Goal of the exercise: When the line with "Rozgrzej piekarnik do" comes up, set it down and every later line to the end of the data, exactly and without pictures.

Records from a data collection:
Segment Open

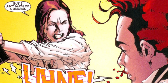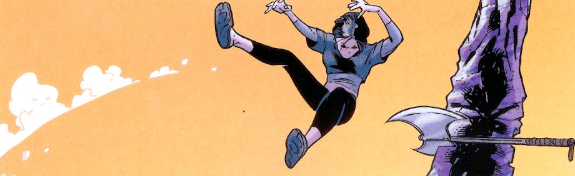 Faith bounces off the floor, kicking Gigi in her gut. “Maybe he trusts you. Maybe he don’t. But either way, part of you knows something ain’t right, cause you don’t deserve to be loved.” Faith is well aware that her words could also apply to herself. She watches as Genevieve goes flying, knocked backwards by Faith’s strike – and is impaled on her axe, still embedded in the tree from Gigi’s first blow.
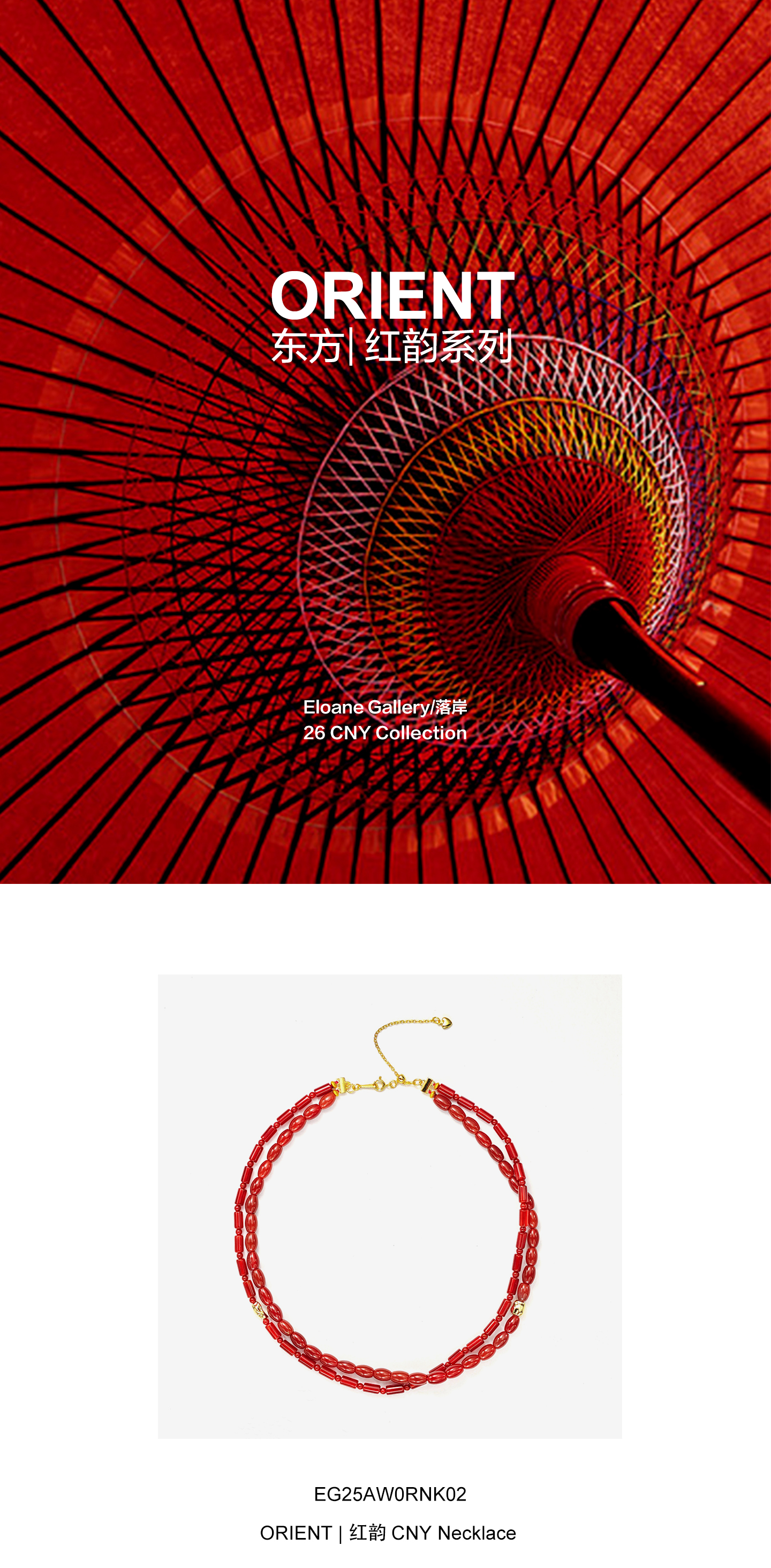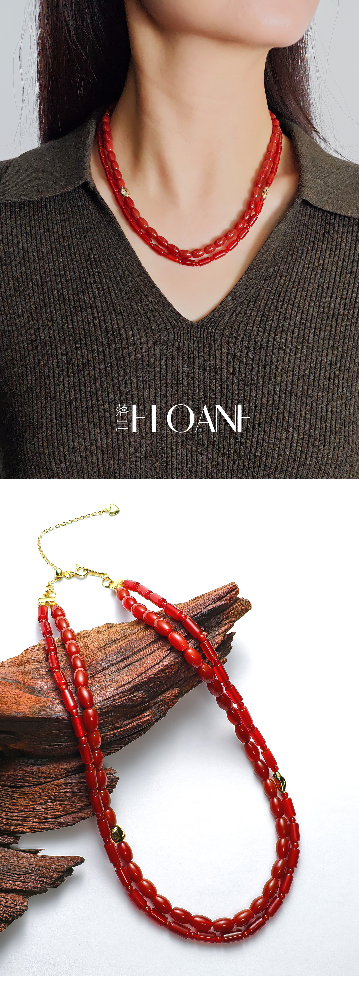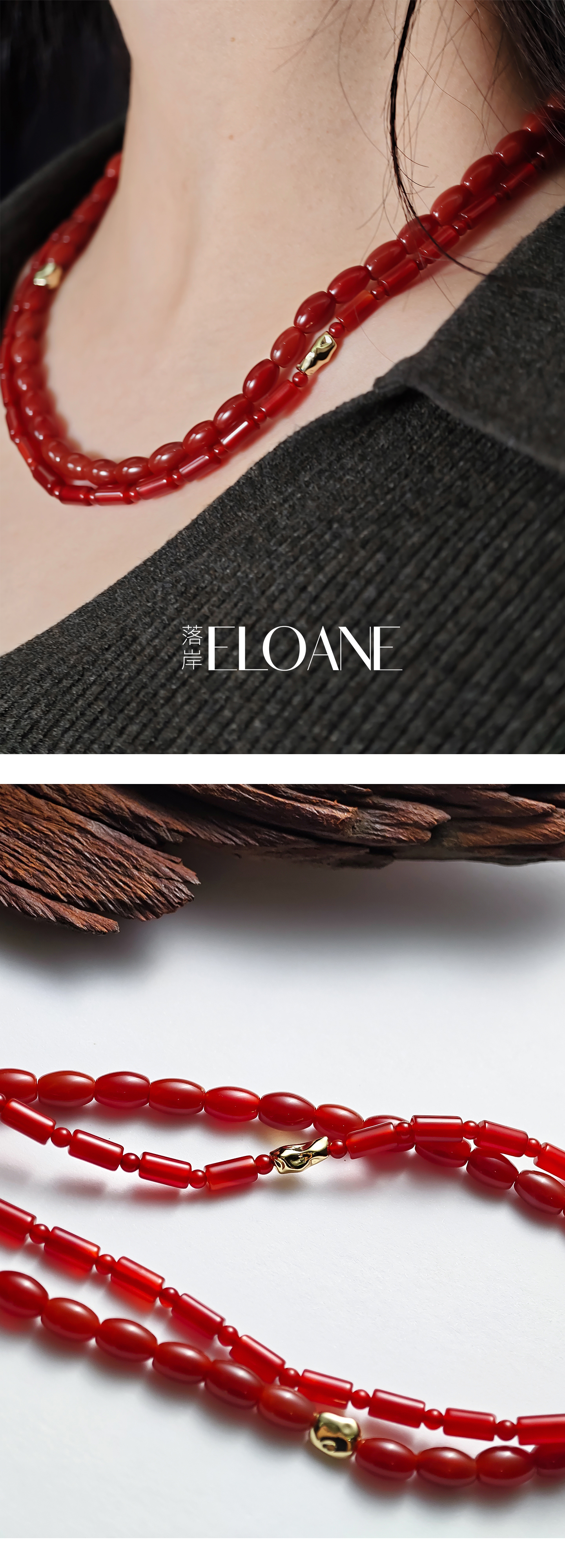 ELOANE GALLERY落岸 双层红玛瑙点缀不规则金属串珠项链ORIENT红韵系列
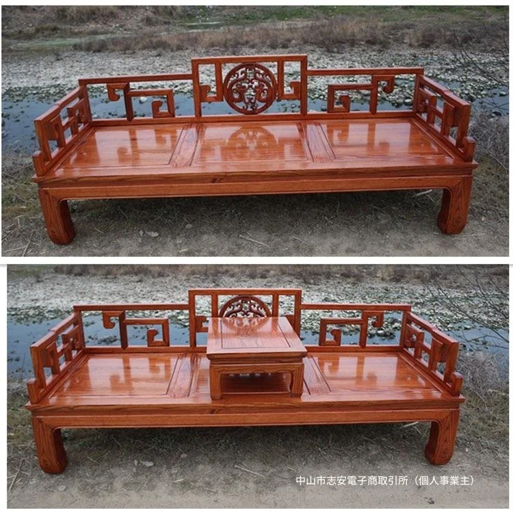 新中式スタイルの無垢材三人掛けソファ、リビングルームに最適なローハンベッド、楡の木製ダブルシート、シンプルでコンパクトなデザインの貴妃椅子、居心地の良いひとときを提供します。
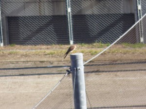 湖と反対側のグラウンドではチョウゲンボウがお食事中。 |
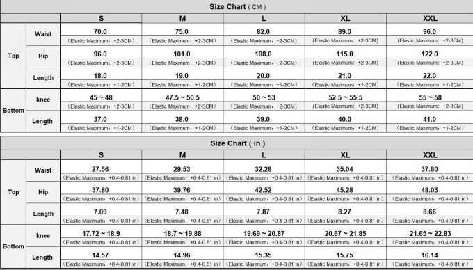 | Size | Bust | Waist | Hips |
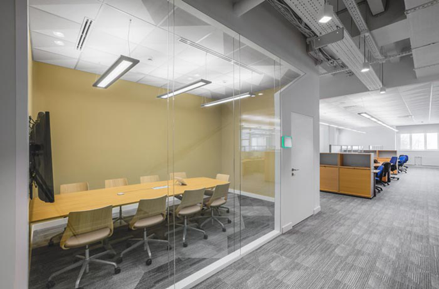 小型会议室的设计:这样的空间还有好几个,几乎在每一处办公区域的附近都有一个,这样就是为每一个办公区域都配置相应的辅助空间,这样展现出企业的管理模式,部门与部门之间分开管理,这样的好处就是减轻上层领导的压力,同时关注到每一个人。
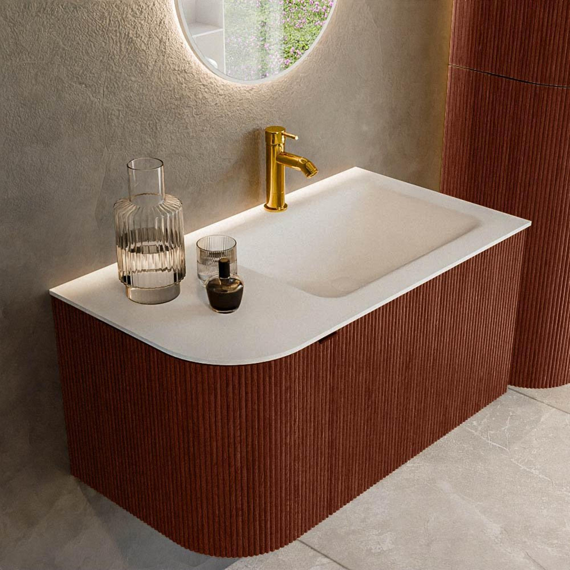 Mondiaz KURVE Badkamermeubelset - 85x46x40cm - 1 lade - 1 deur - wastafel solid surface - rechts - 1 kraangat - Ruby
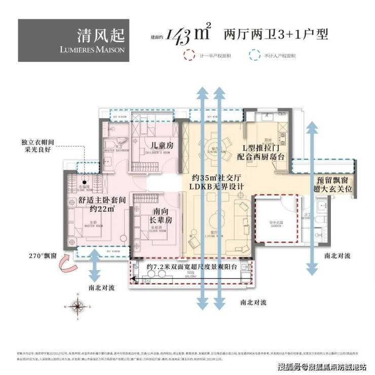 建面约95-180㎡三至五房,南北通透,得房率超85%;
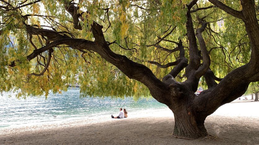滑車排隊人潮眾多,部分團員不耐久候,竟然滑不滿6次,提前下山返回民宿。但兒子身負重任,途中轉往熱門漢堡店外帶大家的午餐,店家隔壁還有烘焙屋和冰淇淋店,完全是市區中美食熱區,吸引著川流不息的顧客。我們先買了麵包咖啡享用,就近於公園中伴著美麗楓葉景色止飢,回到民宿又等了一會兒,終於等到兒子帶回漢堡。漢堡巨大且味美是特色,感覺有普通漢堡二倍的份量,費了一番功夫還是把他咀嚼下肚,非常過癮。傍晚前往鎮上購物街、海灘街閒晃,人潮漸散,連二天也走進皇后鎮公園,驚嘆園中高聳龐大的林木,黃昏微涼,散步於瓦卡蒂普湖碼頭和沙灘,聆聽現場藝人音樂演奏,氣氛浪漫。
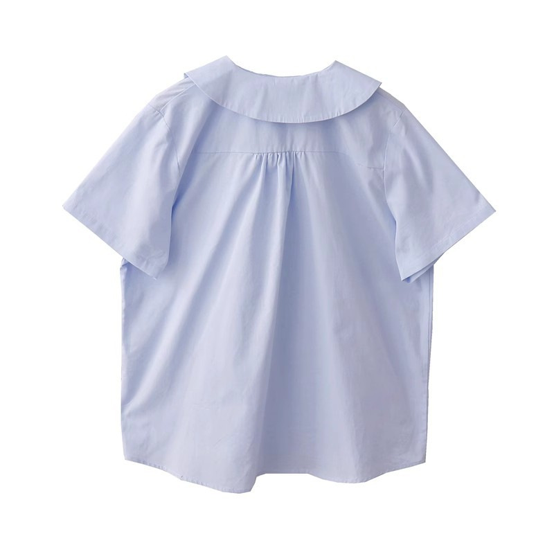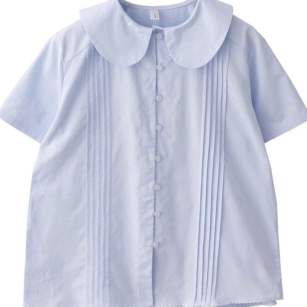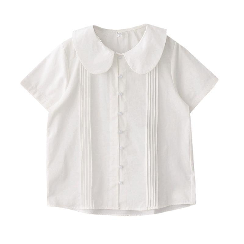 Summer New Japanese Cute Cute Vintage Organ Pleated Cotton Loose Doll Collar Shirt Shirt Top
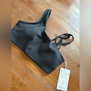 Stylish black sports bra with unique strap design. Perfect for workouts.
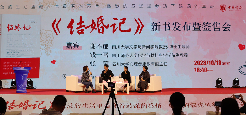 退休教授谢谦老师创作的散文集《结婚记》新书发布会暨签售会、新书分享会分别于成都世纪城新会展中心和文轩BOOKS成华店成功举办。与会嘉宾有谢谦夫妇、四川大学心理健康教育中心副主任张莹、原成都商报副主编郑晔与该书责任编辑马燕等。
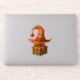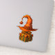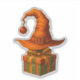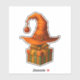 Bring a little enchantment to your gear with this warm and whimsical sticker. A crooked orange witch hat—complete with a shiny red ornament hanging from its tip—rests playfully atop a festive gift box wrapped in green and orange ribbons. Soft golden lights, a glowing Christmas tree, and a snowy windowsill create a cozy winter atmosphere full of charm and seasonal magic.
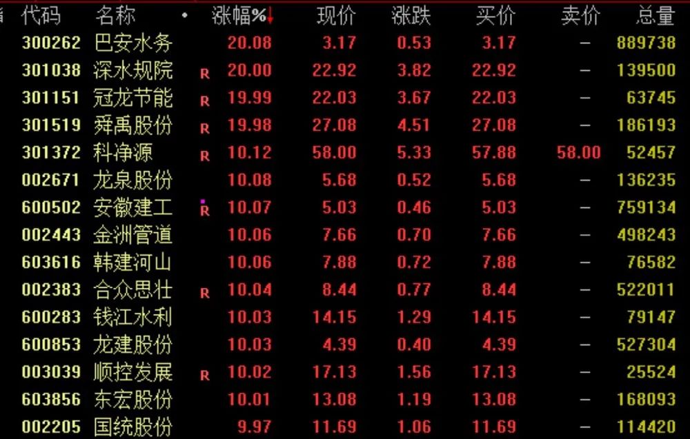 水利板塊盤(pán)中爆發(fā),個(gè)股掀漲停潮。截至收盤(pán),巴安水務(wù)、深水規(guī)院、冠龍節(jié)能、舜禹股份(301519)等“20cm”漲停,龍泉股份(002671)、安徽建工(600502)、金洲管道、錢江水利(600283)等亦漲停。
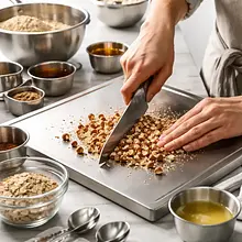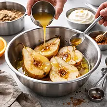 Rozgrzej piekarnik do 200°C (góra‑dół). Przygotuj naczynie żaroodporne o wymiarach ok. 20×20 cm lub małą brytfannę — lekko natłuść dno masłem lub wyłóż papierem do pieczenia. Umyj gruszki, osusz je papierowym ręcznikiem. Przekrój każdą gruszkę na pół wzdłuż, pozostawiając ogonek jeśli chcesz efektownie wyglądać. Łyżeczką wydrąż środek (miejsce z gniazdem nasiennym) na głębokość około 1–1,5 cm, aby sos mógł wniknąć do środka.
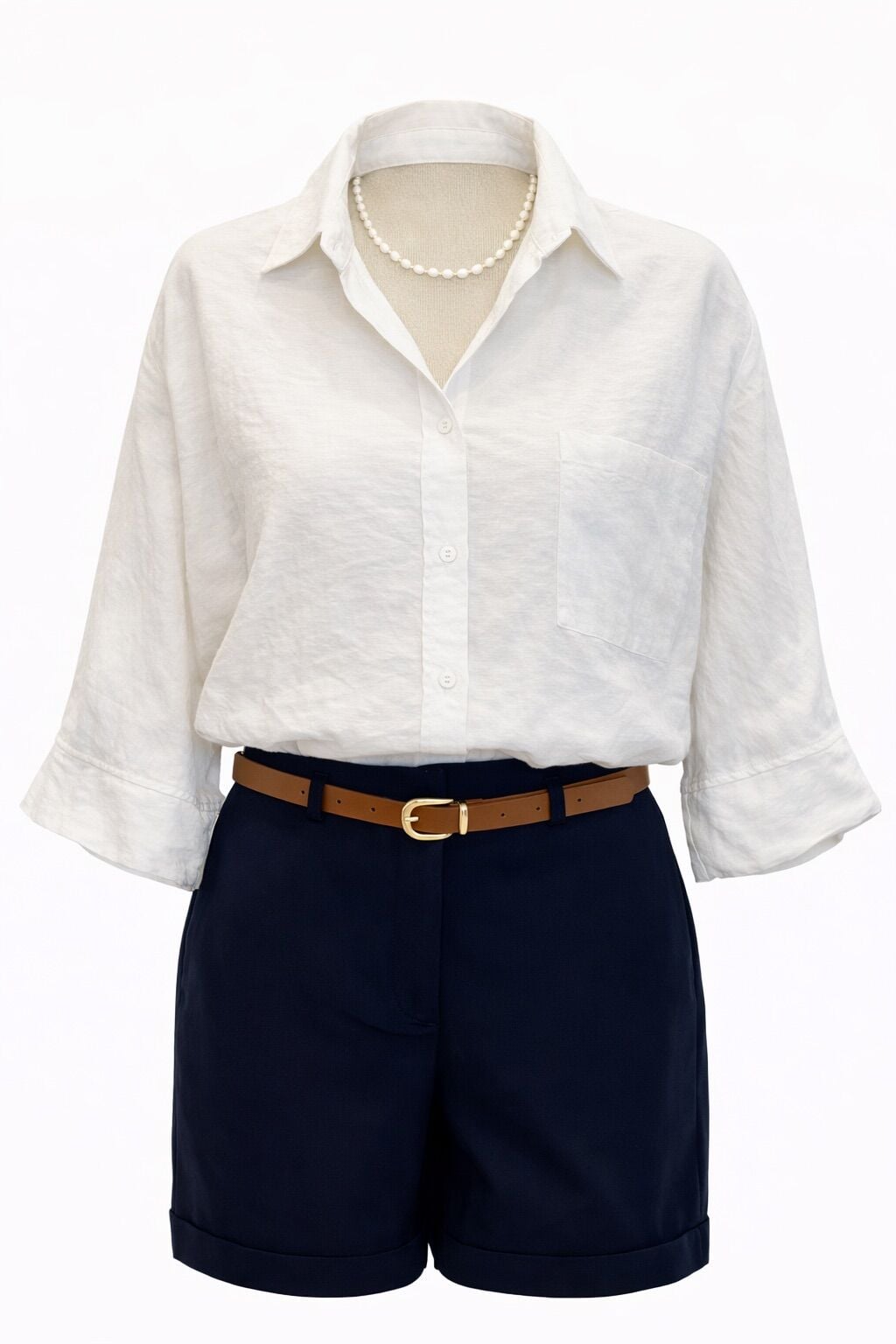 Beyaz Pamuk Vizkon Yarım Kol Gömlek Bluz
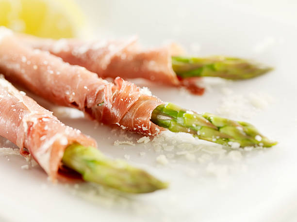 5. Espárragos Envueltos en Jamón Ibérico con Crema de Trufa
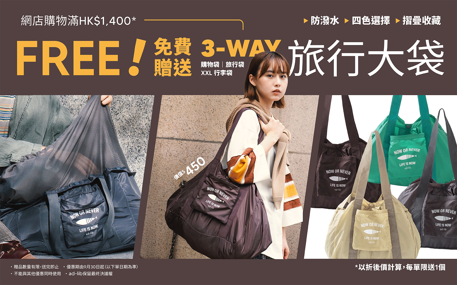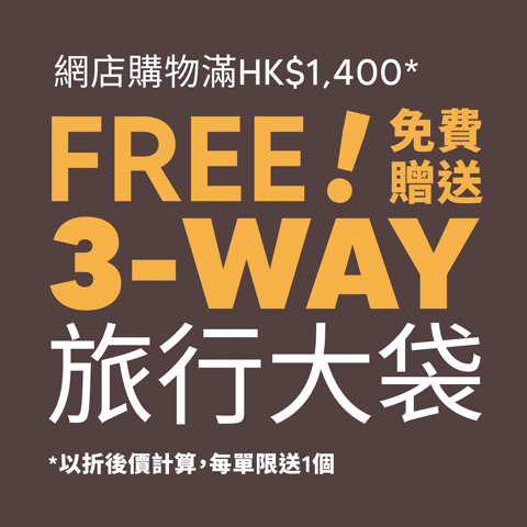 購物滿HK$1,400即送3-way旅行大袋一個 (價值HK$450)
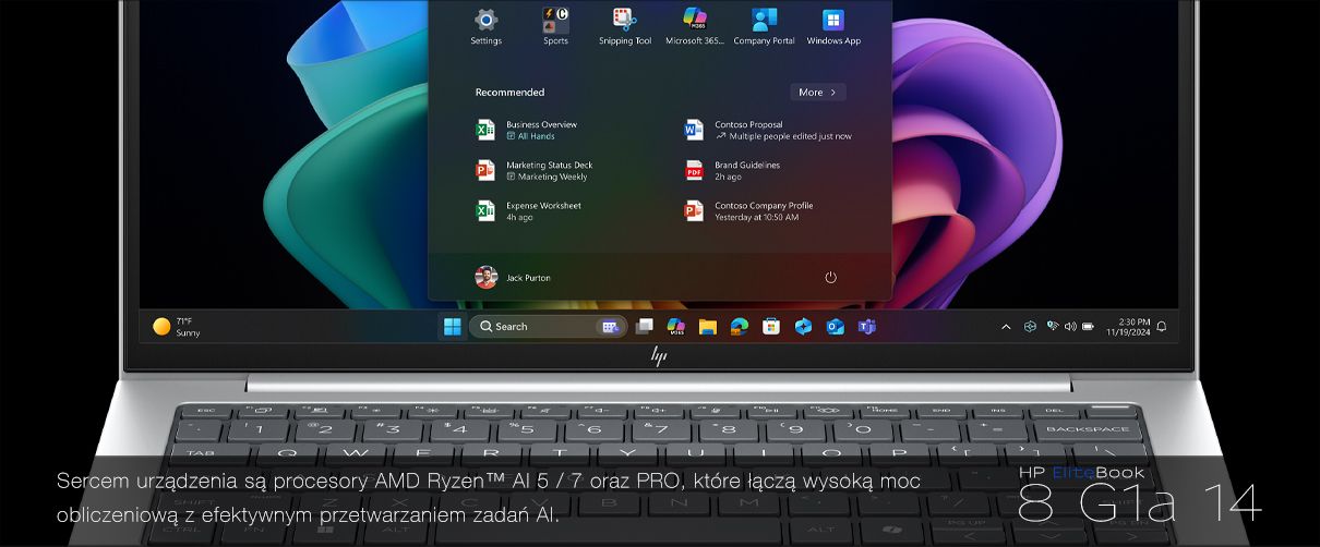 HP EliteBook 8 G1a 14 to laptop nowej generacji stworzony dla profesjonalistów, którzy potrzebują wysokiej wydajności, efektywnej pracy hybrydowej i zaawansowanych funkcji opartych na sztucznej inteligencji. Dzięki procesorom AMD Ryzen™ AI, zintegrowanemu NPU o mocy 50 TOPS oraz konstrukcji zoptymalizowanej pod produktywność, model ten zapewnia doskonałe osiągi w codziennych zadaniach biznesowych.
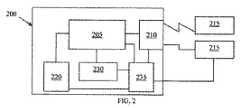 図2は、監視装置ユニット200の概略図である。監視装置ユニット200は、プロセッサ205を含む。プロセッサ205は、センサ215からのデータを受信する少なくとも1つの入力ポート210に結合される。プロセッサ205は、信号を送受信する送受信機220にも結合される。好適な実施形態では、プロセッサ205は、データ記憶部230に結合される。データ記憶部230は、センサ215から受信される所定量のデータを保持することができる。たとえばデータ記憶部230は所定時間(たとえば、1日、1週間、または1ヶ月)データを保持する、所定数の読取り(たとえば、10回の読取り、100回の読取り、1000回の読取り)を保持する、あるいはオペレーションセンタによって消去を指示されるまでデータを保持することができる。さらにデータ記憶部230は、オペレーションセンタからの指示(prompting)時に実行するプロセッサ205への命令を保持することができる。好適な実施形態では、プロセッサ205は、オペレーションセンタに送信するため、データ記憶部230に記憶されたデータの少なくとも1部をコンパイルする。 FIG. 2 is a schematic diagram of the

Segment Closed

Exercise answer:
 Rozgrzej piekarnik do 200°C (góra‑dół). Przygotuj naczynie żaroodporne o wymiarach ok. 20×20 cm lub małą brytfannę — lekko natłuść dno masłem lub wyłóż papierem do pieczenia. Umyj gruszki, osusz je papierowym ręcznikiem. Przekrój każdą gruszkę na pół wzdłuż, pozostawiając ogonek jeśli chcesz efektownie wyglądać. Łyżeczką wydrąż środek (miejsce z gniazdem nasiennym) na głębokość około 1–1,5 cm, aby sos mógł wniknąć do środka.
 Beyaz Pamuk Vizkon Yarım Kol Gömlek Bluz
 5. Espárragos Envueltos en Jamón Ibérico con Crema de Trufa
 購物滿HK$1,400即送3-way旅行大袋一個 (價值HK$450)
 HP EliteBook 8 G1a 14 to laptop nowej generacji stworzony dla profesjonalistów, którzy potrzebują wysokiej wydajności, efektywnej pracy hybrydowej i zaawansowanych funkcji opartych na sztucznej inteligencji. Dzięki procesorom AMD Ryzen™ AI, zintegrowanemu NPU o mocy 50 TOPS oraz konstrukcji zoptymalizowanej pod produktywność, model ten zapewnia doskonałe osiągi w codziennych zadaniach biznesowych.
 図2は、監視装置ユニット200の概略図である。監視装置ユニット200は、プロセッサ205を含む。プロセッサ205は、センサ215からのデータを受信する少なくとも1つの入力ポート210に結合される。プロセッサ205は、信号を送受信する送受信機220にも結合される。好適な実施形態では、プロセッサ205は、データ記憶部230に結合される。データ記憶部230は、センサ215から受信される所定量のデータを保持することができる。たとえばデータ記憶部230は所定時間(たとえば、1日、1週間、または1ヶ月)データを保持する、所定数の読取り(たとえば、10回の読取り、100回の読取り、1000回の読取り)を保持する、あるいはオペレーションセンタによって消去を指示されるまでデータを保持することができる。さらにデータ記憶部230は、オペレーションセンタからの指示(prompting)時に実行するプロセッサ205への命令を保持することができる。好適な実施形態では、プロセッサ205は、オペレーションセンタに送信するため、データ記憶部230に記憶されたデータの少なくとも1部をコンパイルする。 FIG. 2 is a schematic diagram of the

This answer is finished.